Main Screen Last summer I wrote an Android app. It was my first Java in more than a decade and mostly my intent was to figure out what this platform was all about. I needed something fairly easy but it still had to touch on many aspects of the user interface and use enough API calls to be a good learning vehicle. A dice bias/fairness testing app seemed a good fit.

The idea for this sprung from my recent use of dice for Bitcoin wallet seed generation. I had done a bit of research into whether dice were good for this or had noticeable bias. I came across an exellent pair of blogs posts on Delta's D&D Hotspot from several years earlier, where he laid out the details of using Pearson's Chi-Square Test for evaluating dice. A later post also goes into more detail about the "power" of this test. Both are well worth reading if you care about evaluating dice bias and the math behind it.

I'm not much of a mathematician. I could never really handle the theorems and proofs side but I was not bad at actually using calculus, differential equations and linear algebra. I gathered enough from the above articles to move ahead and work out the code for the basic math for this app. To the best of my knowledge, and from testing, it appears to work correctly. Regardless, I have had a couple responses from users where they are greatly disappointed in the fairness of common (usually cheap round edged) dice.

The overall idea was that using the Chi-Square test meant jotting down dice values from a large set of rolls, and then doing a few calculations to give a statistical indicator of fairness.

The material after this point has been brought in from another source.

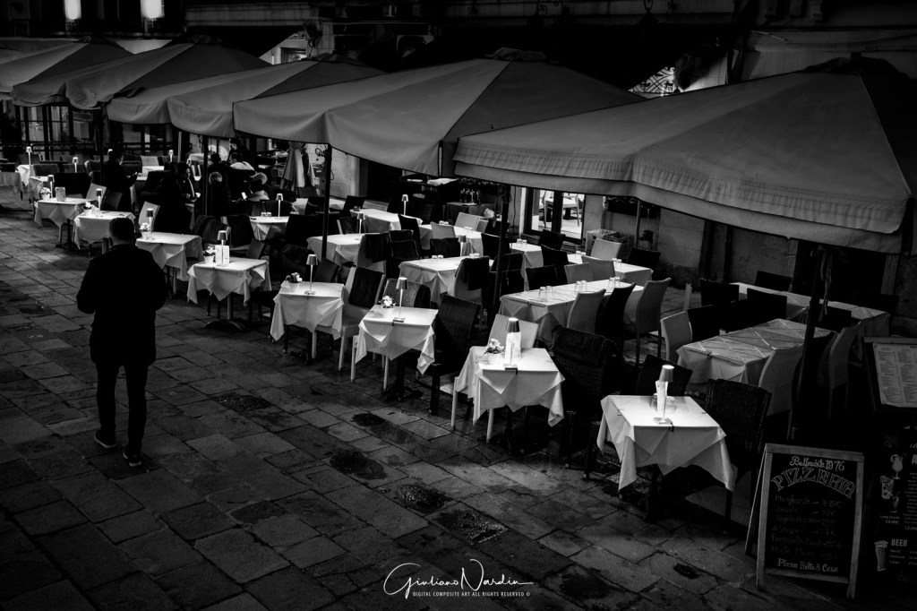 I chose black and white because Venice, at night, is a matter of contrasts. It’s the deep black of the porticos challenging the warm glow of the lamps; it’s the texture of the masegni paving stones that only emerges once color is stripped away.

Stats Screen It seemed like an app could save the manual work, and also allow for keeping a dice log so that you could keep doing an ongoing evaluation (while using the dice in a game of some sort). This is what apps are good for - removing the grunt work.

Having coded it up over a few days I tested a few dice and some coins. Then I promptly put it aside and forgot about it. Come around to December and I thought why not put this up in the app store for others to use? That's when I discovered you actually have to pay to put an app on the Google App Store, and I wasn't too much interested in that. I did check a few other options and found I could put it on Amazon for free. So that's what I did. Over the next month I think I had one single download. Obviously there isn't much interest in Dice Testing, or maybe Amazon App Store isn't popular, or both possibilties combined.

After coming across some dice questions on /r/Bitcoin last month I also put up on Github the same signed APK for reddit users to test out. I kind of hinted at eventually releasing the source code. Today I finally added an MIT open source license and put up everything (with signed APK for those not wanting to build it). All part of my new efforts to be more social, build up a web presence, or in other words "actually do something" for a change. I think I'll also look at submitting it to F-Droid as well - but they make it sound somewhat arduous.

Maybe some netizens will actually build it, use it, test'em dice. Let me know if you do. Cheers.